Code, benchmarks, and trained models for the paper "Learned Control Layers for Combinatorial Local Search."
We propose a control-layer architecture for Dynamic Algorithm Configuration (DAC): an external RL controller adjusts solver parameters at runtime through a standardized checkpoint interface. The same PPO training pipeline is validated on two solver families without modification beyond domain-specific state--action definitions.
| Comparison | PPO Mean Cost | Baseline Mean Cost | Improvement | Wilcoxon p |
|---|---|---|---|---|
| PPO vs Random | 372.1 | 459.6 | -19.0% | 2.4 x 10^-5 |
| PPO vs Best Static | 372.1 | 415.1 | -10.4% | 0.0069 |
| PPO vs BO Static (v500) | -- | -- | 7/10 wins | 0.037 |
Scale-dependent crossover: BO static wins at small scale, PPO overtakes at 500 variables.
PPO achieves the lowest mean unsatisfied clause count among all tested configurations, with statistically significant improvements over suboptimal baselines (Wilcoxon p < 0.01).
- Exploration parameter dominance:
noise_probaccounts for nearly all DAC benefit in both domains - Scale-dependent value of dynamic control: learned policies improve relative to static tuning as instance size grows
The checkpoint protocol decouples parameter scheduling from solver implementation:
- Solver pauses every N flips
- Reports search state features to the controller
- Receives updated parameter values
- Resumes with new parameters
Any solver exposing this interface can be governed by the same RL pipeline.
maxsat-dac/
├── src/
│ ├── train_domain.py # PPO training script
│ ├── eval_domain.py # Evaluation with statistical tests
│ └── domains/sat/
│ ├── solver.py # WalkSAT solver with checkpoint protocol
│ ├── gym_env.py # Gymnasium DAC environment (8 features, 2 actions)
│ ├── baselines.py # 5 static baseline configurations
│ └── generate_instances.py # Phase-transition 3-SAT instance generator
├── data/
│ ├── benchmarks/sat/ # 90 CNF instances (v50/v100/v200) + split.json
│ └── results/ # Trained models and evaluation results (both domains)

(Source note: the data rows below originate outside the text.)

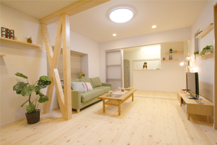 全室に無垢材を使い、また、リビングには珪藻土といった自然素材を使用していますので身体にも優しくワンチャンも安心です。
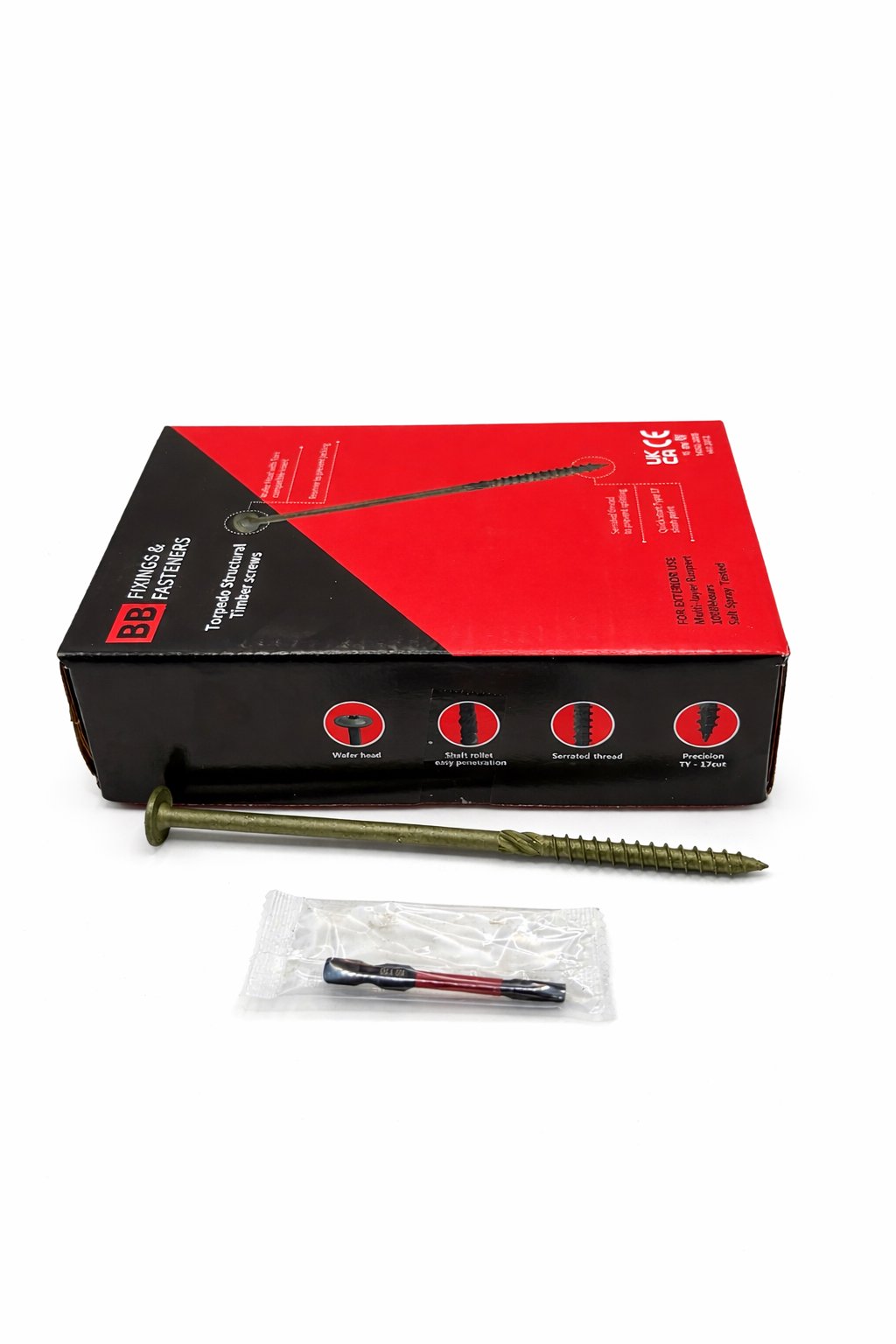 Torpedo Structural Wafer head Timber screws, Torx Driver, Knurled on Shank, Serrated thread, Quick star Type 17 slash point, Multi-layer Ruspert 1000Hours Salt Spray Tested, box packing , 1pc impact bit per box
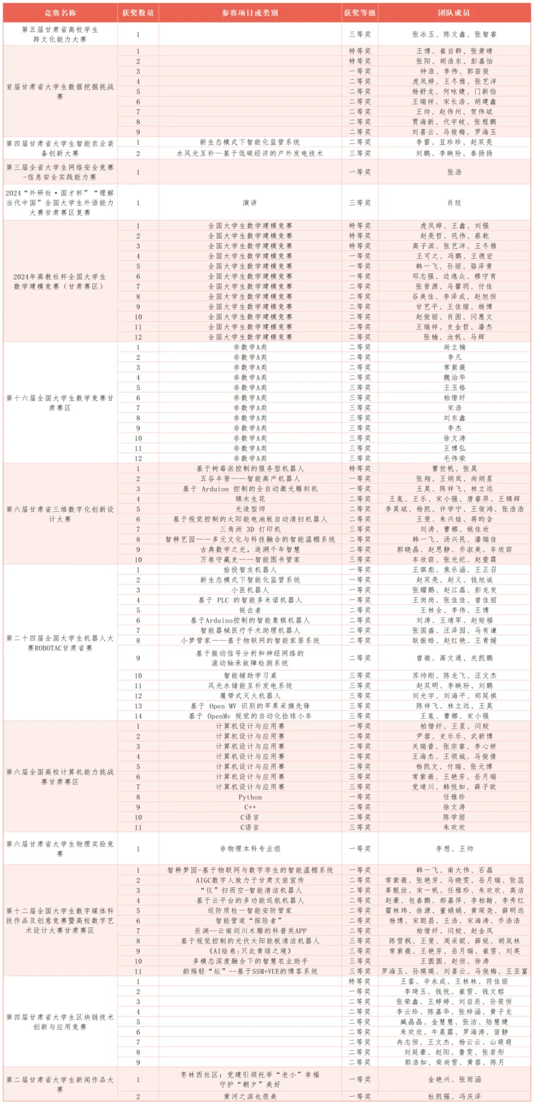 近日,甘肃省教育厅正式公布了2024年下半年大学生学科专业竞赛获奖名单。在由甘肃省教育厅主办的31项省级大学生学科专业竞赛中,beat365英国官方网站学子表现卓越,捷报频传,累计斩获96项奖项,其中包括7项特等奖、18项一等奖、46项二等奖和25项三等奖。获奖数量为全省同类院校第一。同时,14位教师荣获“优秀指导教师”称号,学校3次被评为“优秀组织单位”。与2023年下半年相比,该校获奖数量增加了50项,同比增长89.28%,展现了学校在学科竞赛领域的强劲实力和显著进步。
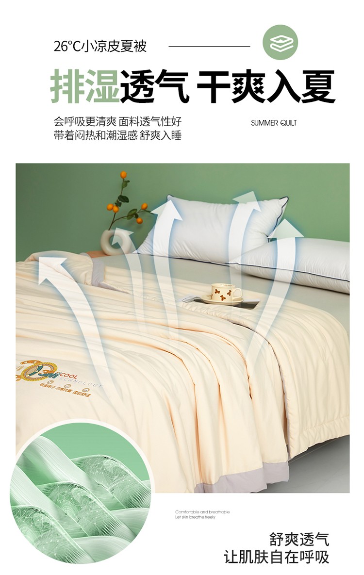 (总)伊被源 2023新款26℃小凉皮蚕蛹蛋白夏被,玫瑰粉,奶油黄,宁静蓝,青果绿,月光灰

├── archive/ # Original MaxSAT-only code (see archive/README.md)
├── configs/sat.json # SAT domain configuration reference
├── requirements.txt
└── REPRODUCE.md # Step-by-step reproduction guide
MaxSAT code is in archive/ (NuWLS C++ solver wrapper, Gymnasium env, all experiment scripts). MaxSAT results are in data/results/ (JSON files + trained PPO models in ppo_csolver_500k/).
SAT code is the active codebase in src/domains/sat/ (pure Python WalkSAT). SAT results are in data/results/sat_*/.
# Install dependencies
pip install -r requirements.txt
# Generate benchmark instances (or use the included 90 instances)
python src/domains/sat/generate_instances.py
# Train PPO controller (3 seeds as in the paper)
python src/train_domain.py --domain sat --timesteps 200000 --seed 42
python src/train_domain.py --domain sat --timesteps 200000 --seed 123
python src/train_domain.py --domain sat --timesteps 200000 --seed 999
# Evaluate against baselines
python src/eval_domain.py --domain sat --model data/results/sat_ppo_*/best_model/best_model.zipNo external solver compilation is needed for SAT -- the WalkSAT solver is pure Python.
For MaxSAT reproduction, see archive/ and the original training script archive/train_500k.py (requires NuWLS C++ compilation).
See REPRODUCE.md for detailed SAT reproduction instructions.
- Python 3.10+
- SAT domain: no C/C++ compiler needed (pure Python solver), ~1 hour training
- MaxSAT domain (archive): g++ or MSVC for NuWLS compilation, ~4 hours training
Learned Control Layers for Combinatorial Local Search Alex Chengyu Li, 2026
Submitted to the Journal of Heuristics (Springer).
@article{li2026controllayers,
author = {Li, Alex Chengyu},
title = {Learned Control Layers for Combinatorial Local Search},
journal = {Journal of Heuristics},
year = {2026},
note = {Under review}
}This project is licensed under the MIT License. See LICENSE for details.